**MATERIAL PROVIDED**
§
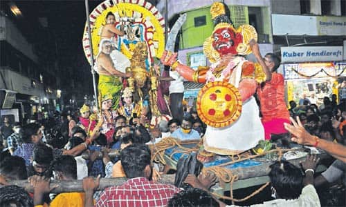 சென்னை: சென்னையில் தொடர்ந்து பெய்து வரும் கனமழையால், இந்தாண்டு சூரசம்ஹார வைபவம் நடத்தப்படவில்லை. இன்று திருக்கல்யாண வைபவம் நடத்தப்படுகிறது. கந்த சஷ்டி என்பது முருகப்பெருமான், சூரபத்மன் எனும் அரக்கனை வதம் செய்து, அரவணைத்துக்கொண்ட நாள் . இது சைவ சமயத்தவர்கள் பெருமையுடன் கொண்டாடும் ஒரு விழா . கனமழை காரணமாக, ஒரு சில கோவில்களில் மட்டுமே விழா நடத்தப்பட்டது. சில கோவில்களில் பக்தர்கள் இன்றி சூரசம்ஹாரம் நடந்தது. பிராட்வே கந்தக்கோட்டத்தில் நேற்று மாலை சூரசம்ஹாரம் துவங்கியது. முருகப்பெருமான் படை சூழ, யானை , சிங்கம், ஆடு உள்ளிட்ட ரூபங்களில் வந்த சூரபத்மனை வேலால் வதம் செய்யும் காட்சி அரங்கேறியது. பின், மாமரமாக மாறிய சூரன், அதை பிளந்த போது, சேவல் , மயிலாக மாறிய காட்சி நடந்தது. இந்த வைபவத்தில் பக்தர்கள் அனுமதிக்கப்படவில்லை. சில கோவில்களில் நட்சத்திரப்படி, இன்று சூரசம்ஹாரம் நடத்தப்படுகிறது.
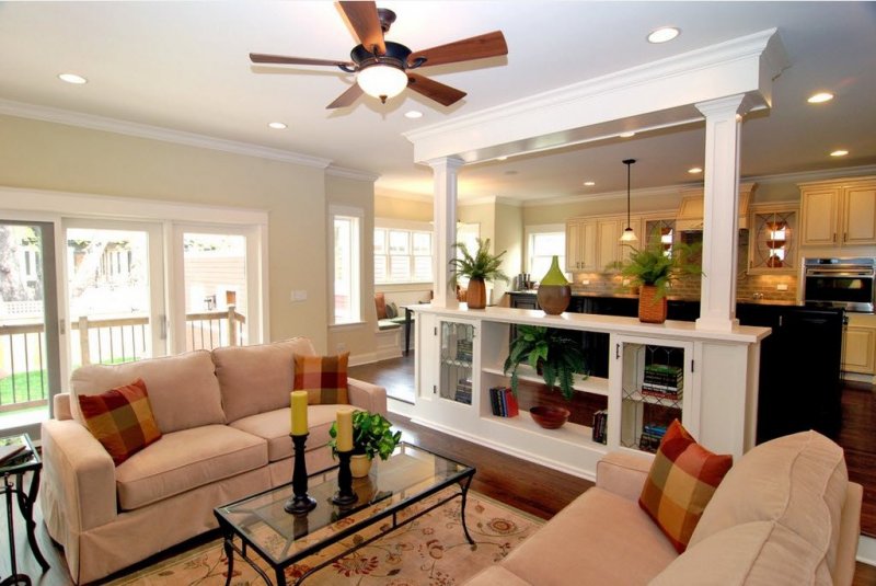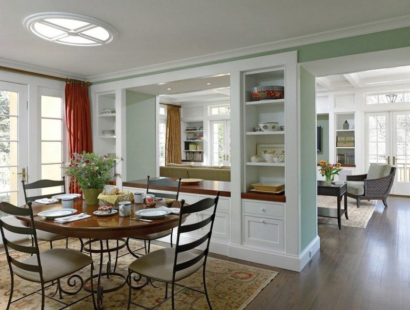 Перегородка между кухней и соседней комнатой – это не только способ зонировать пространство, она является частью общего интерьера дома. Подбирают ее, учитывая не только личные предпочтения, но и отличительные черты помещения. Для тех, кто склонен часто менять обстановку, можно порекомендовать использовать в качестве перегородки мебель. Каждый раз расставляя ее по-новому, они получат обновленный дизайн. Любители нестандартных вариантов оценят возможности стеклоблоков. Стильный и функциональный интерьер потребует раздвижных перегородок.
§
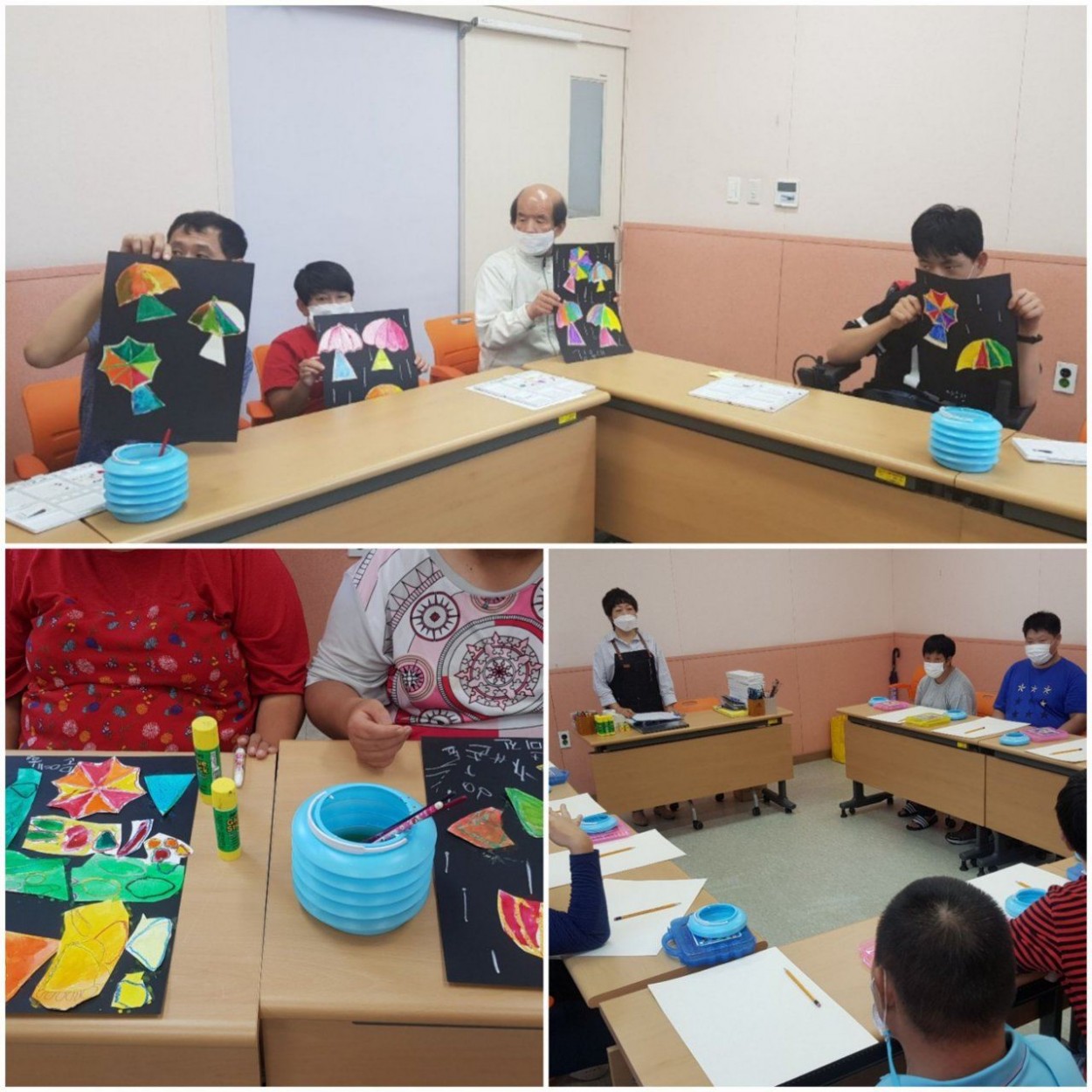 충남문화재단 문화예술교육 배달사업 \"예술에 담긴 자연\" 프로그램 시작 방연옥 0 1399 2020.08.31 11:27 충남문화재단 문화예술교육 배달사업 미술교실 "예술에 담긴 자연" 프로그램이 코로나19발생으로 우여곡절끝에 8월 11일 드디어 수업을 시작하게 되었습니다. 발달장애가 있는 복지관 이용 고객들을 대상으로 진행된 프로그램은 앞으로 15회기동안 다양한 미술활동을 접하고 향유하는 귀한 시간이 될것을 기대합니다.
§
**WHAT YOU HAVE TO DO**
An exact copy is needed of the entries above, starting at the line that holds "சென்னை: சென்னையில் தொடர்ந்து" and stopping at the line that holds "Перегородка между кухней", both kept; pictures stay out.

**REPLY TO THE TASK**
 சென்னை: சென்னையில் தொடர்ந்து பெய்து வரும் கனமழையால், இந்தாண்டு சூரசம்ஹார வைபவம் நடத்தப்படவில்லை. இன்று திருக்கல்யாண வைபவம் நடத்தப்படுகிறது. கந்த சஷ்டி என்பது முருகப்பெருமான், சூரபத்மன் எனும் அரக்கனை வதம் செய்து, அரவணைத்துக்கொண்ட நாள் . இது சைவ சமயத்தவர்கள் பெருமையுடன் கொண்டாடும் ஒரு விழா . கனமழை காரணமாக, ஒரு சில கோவில்களில் மட்டுமே விழா நடத்தப்பட்டது. சில கோவில்களில் பக்தர்கள் இன்றி சூரசம்ஹாரம் நடந்தது. பிராட்வே கந்தக்கோட்டத்தில் நேற்று மாலை சூரசம்ஹாரம் துவங்கியது. முருகப்பெருமான் படை சூழ, யானை , சிங்கம், ஆடு உள்ளிட்ட ரூபங்களில் வந்த சூரபத்மனை வேலால் வதம் செய்யும் காட்சி அரங்கேறியது. பின், மாமரமாக மாறிய சூரன், அதை பிளந்த போது, சேவல் , மயிலாக மாறிய காட்சி நடந்தது. இந்த வைபவத்தில் பக்தர்கள் அனுமதிக்கப்படவில்லை. சில கோவில்களில் நட்சத்திரப்படி, இன்று சூரசம்ஹாரம் நடத்தப்படுகிறது.
 Перегородка между кухней и соседней комнатой – это не только способ зонировать пространство, она является частью общего интерьера дома. Подбирают ее, учитывая не только личные предпочтения, но и отличительные черты помещения. Для тех, кто склонен часто менять обстановку, можно порекомендовать использовать в качестве перегородки мебель. Каждый раз расставляя ее по-новому, они получат обновленный дизайн. Любители нестандартных вариантов оценят возможности стеклоблоков. Стильный и функциональный интерьер потребует раздвижных перегородок.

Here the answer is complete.